Collected data entries:
======

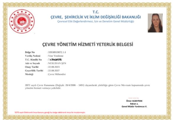ÇEVRE DANIŞMANLIK YETERLİK BELGELERİMİZ
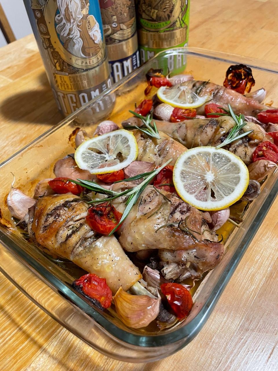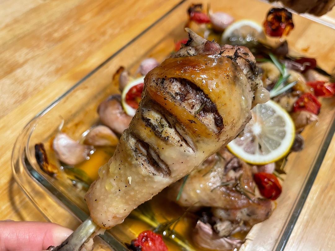 烤到一半时间就要多注意观察着,看见迷迭香和柠檬微焦也不要太担心,出炉的时候拿掉,不影响味道的。(实在不放心的可以降到200度,烤够时间哦,不然鸡腿不熟不要怪我),再过十分钟满屋就会非常香了~(不习惯迷迭香的会觉得味道有点奇怪,不用担心吃起来是香的!)
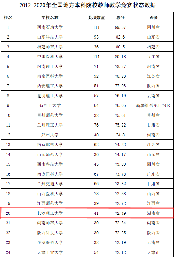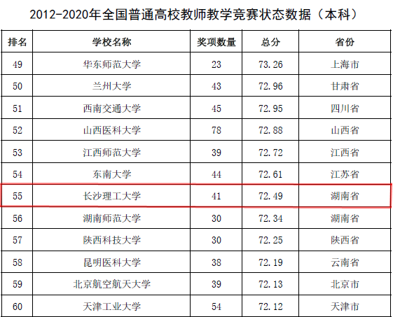 日前,中国高等教育学会发布《全国普通高校教师教学竞赛分析报告(2012-2020年)》,出现在状态数据中的本科院校为1006所,必赢官网排名比2019年上升14名,位列全国第55位,在全国883所地方本科院校中,排第20位。
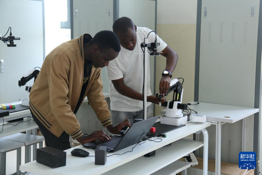 2023年11月18日,在盧旺達北方省穆桑澤職業(yè)技術(shù)學院魯班工坊的實驗室中,兩名當?shù)貙W生操作儀器。新華社發(fā)(黃萬晴攝)
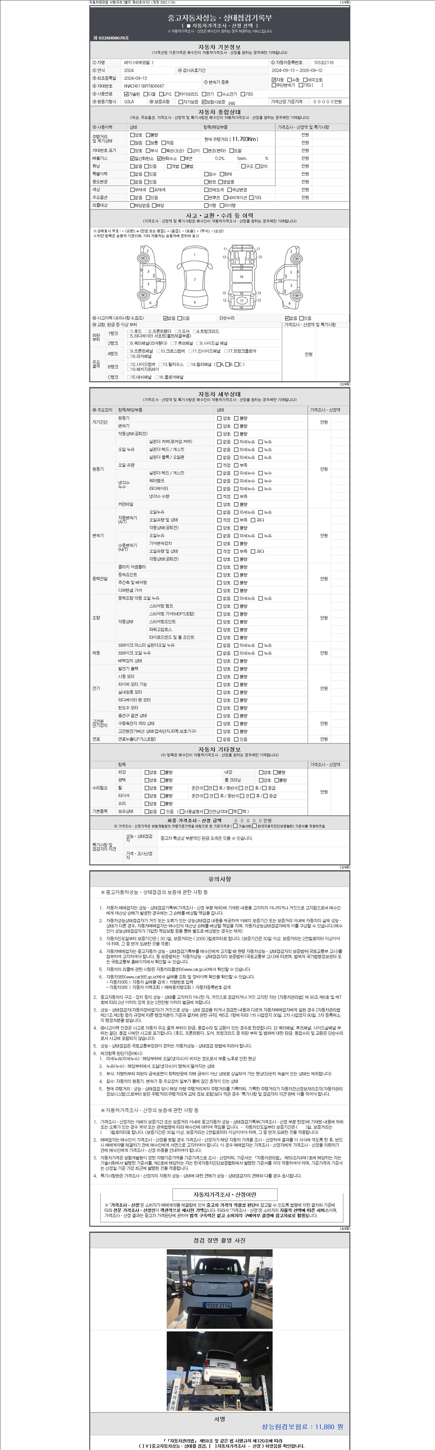 | 주행거리 | 11,703 km | 차량번호 | 103오2116 | 사고유무 | 성능기록부 참조 | 제시번호 | 제 2147483647 호 |
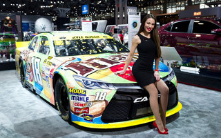 Και έπειτα, υπάρχουν οι Elizabeth και Brittany. Με το μαύρο της φόρεμα και τα κατακόκκινα ψηλοτάκουνά της η Elizabeth Smith (είχε κερδίζει τον τίτλο Miss Hawaiian Tropic Beauty 2014), χαμογελά μπροστά από το ένα Toyota, το αγωνιστικό αυτοκίνητο του επαγγελματία οδηγού του NASCAR, Kyle Busch. Το σόου ολοκληρώνεται απόψε.
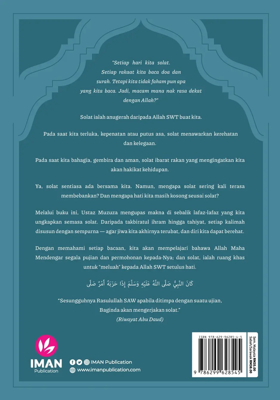 Melalui buku ini, Ustaz Muzuza mengupas makna di sebalik lafaz-lafaz yang kita ungkapkan semasa solat. Daripada takbiratul ihram hingga tahiyat, setiap kalimah disusun dengan sempurna — agar jiwa kita akhirnya terubat, dan diri kita dapat berehat.

======

TASK DIRECTIONS – Write out each entry again exactly, and skip the pictures.

YOUR RESPONSE –
ÇEVRE DANIŞMANLIK YETERLİK BELGELERİMİZ
 烤到一半时间就要多注意观察着,看见迷迭香和柠檬微焦也不要太担心,出炉的时候拿掉,不影响味道的。(实在不放心的可以降到200度,烤够时间哦,不然鸡腿不熟不要怪我),再过十分钟满屋就会非常香了~(不习惯迷迭香的会觉得味道有点奇怪,不用担心吃起来是香的!)
 日前,中国高等教育学会发布《全国普通高校教师教学竞赛分析报告(2012-2020年)》,出现在状态数据中的本科院校为1006所,必赢官网排名比2019年上升14名,位列全国第55位,在全国883所地方本科院校中,排第20位。
 2023年11月18日,在盧旺達北方省穆桑澤職業(yè)技術(shù)學院魯班工坊的實驗室中,兩名當?shù)貙W生操作儀器。新華社發(fā)(黃萬晴攝)
 | 주행거리 | 11,703 km | 차량번호 | 103오2116 | 사고유무 | 성능기록부 참조 | 제시번호 | 제 2147483647 호 |
 Και έπειτα, υπάρχουν οι Elizabeth και Brittany. Με το μαύρο της φόρεμα και τα κατακόκκινα ψηλοτάκουνά της η Elizabeth Smith (είχε κερδίζει τον τίτλο Miss Hawaiian Tropic Beauty 2014), χαμογελά μπροστά από το ένα Toyota, το αγωνιστικό αυτοκίνητο του επαγγελματία οδηγού του NASCAR, Kyle Busch. Το σόου ολοκληρώνεται απόψε.
 Melalui buku ini, Ustaz Muzuza mengupas makna di sebalik lafaz-lafaz yang kita ungkapkan semasa solat. Daripada takbiratul ihram hingga tahiyat, setiap kalimah disusun dengan sempurna — agar jiwa kita akhirnya terubat, dan diri kita dapat berehat.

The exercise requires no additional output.